Member of the Michigan House of Representatives from the 107th district
- In office January 1, 2023 – January 1, 2025
- Preceded by: John Damoose (redistricting)
- Succeeded by: Parker Fairbairn

Personal details
- Born: July 18, 1961 (age 65) Petoskey, Michigan
- Party: Republican
- Children: 4
- Parent: Richard Friske

= Neil Friske =

American politician from Michigan

Kornelius Wolfram "Neil" Friske Jr. (born July 18, 1961) is an American politician from Charlevoix, Michigan who represented the 107th district in the Michigan House of Representatives from 2023 until 2025.

Friske is pro-life and is a member of the National Rifle Association of America.

==2024 arrest and primary loss==
On June 20, 2024, Friske was arrested in Lansing, with police requesting sexual assault, assault, and a weapons offense as charges. In the August 2024 Republican primary election, Friske was defeated in his bid for re-nomination, losing to Parker Fairbairn.
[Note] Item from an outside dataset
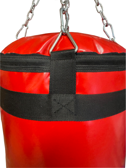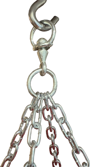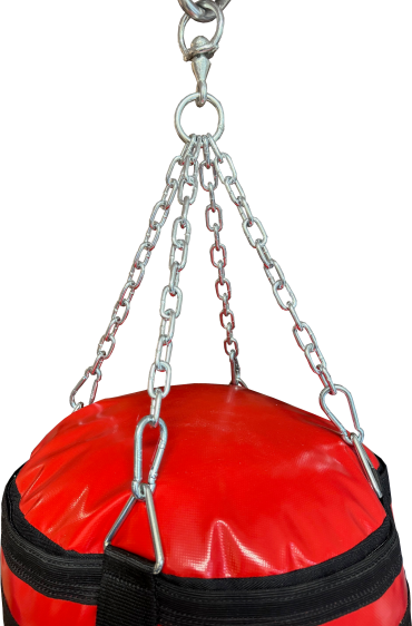 Zawieszenie: 4 mocne łańcuchy (27 cm długości), połączone karabińczykami z trójkątnymi uchwytami (bok 6 cm), wszytymi w korpus worka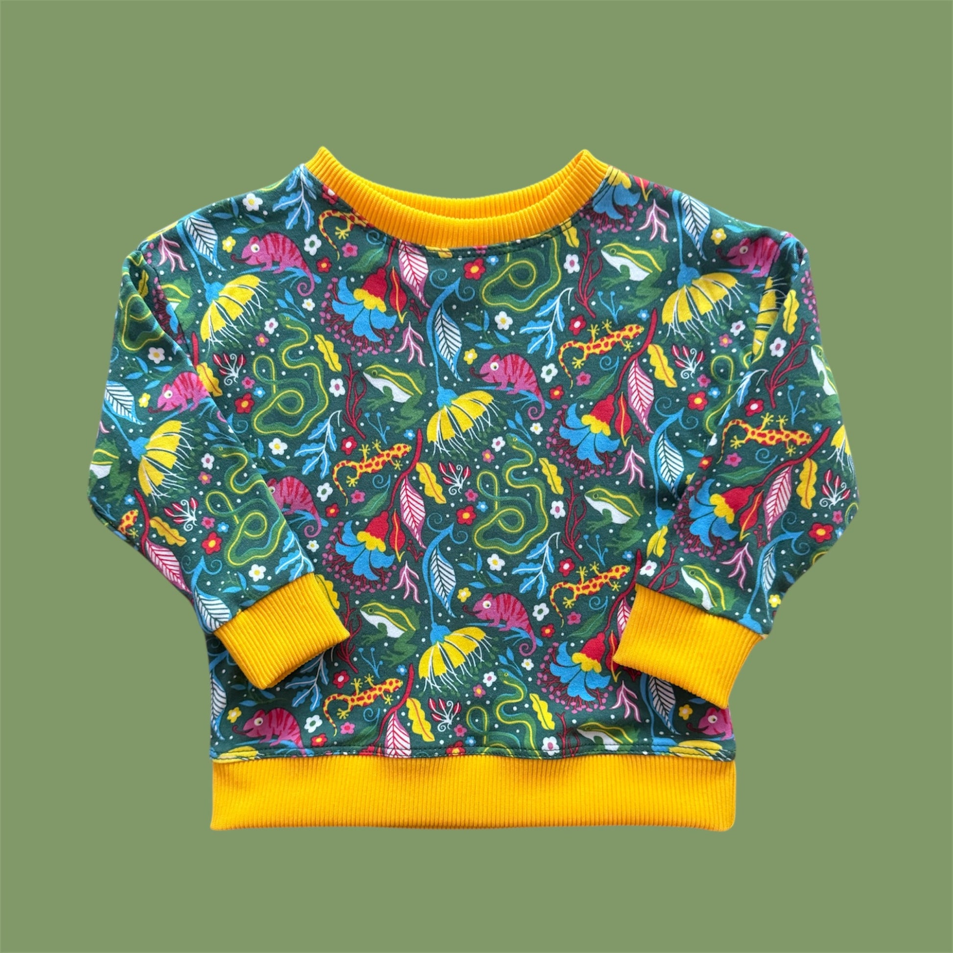 Introducing the Jungle Forest Cotton Original Crewneck Sweatshirt! Made from super soft cotton, this sweatshirt features a playful jungle design with chameleons, frogs, and other fun creatures. Perfect for every child who loves exploring and having fun!

Friske has not been charged with a crime; the Ingham County Prosecutor conducted an investigation and handed over the case to the Office of the Michigan Attorney General in September 2024. He denies any wrongdoing.

== January 6th ==
In 2022, Progress Michigan reported that images captured during the January 6 United States Capitol attack at the Capitol in Washington, D.C. appear to show Friske attending the event.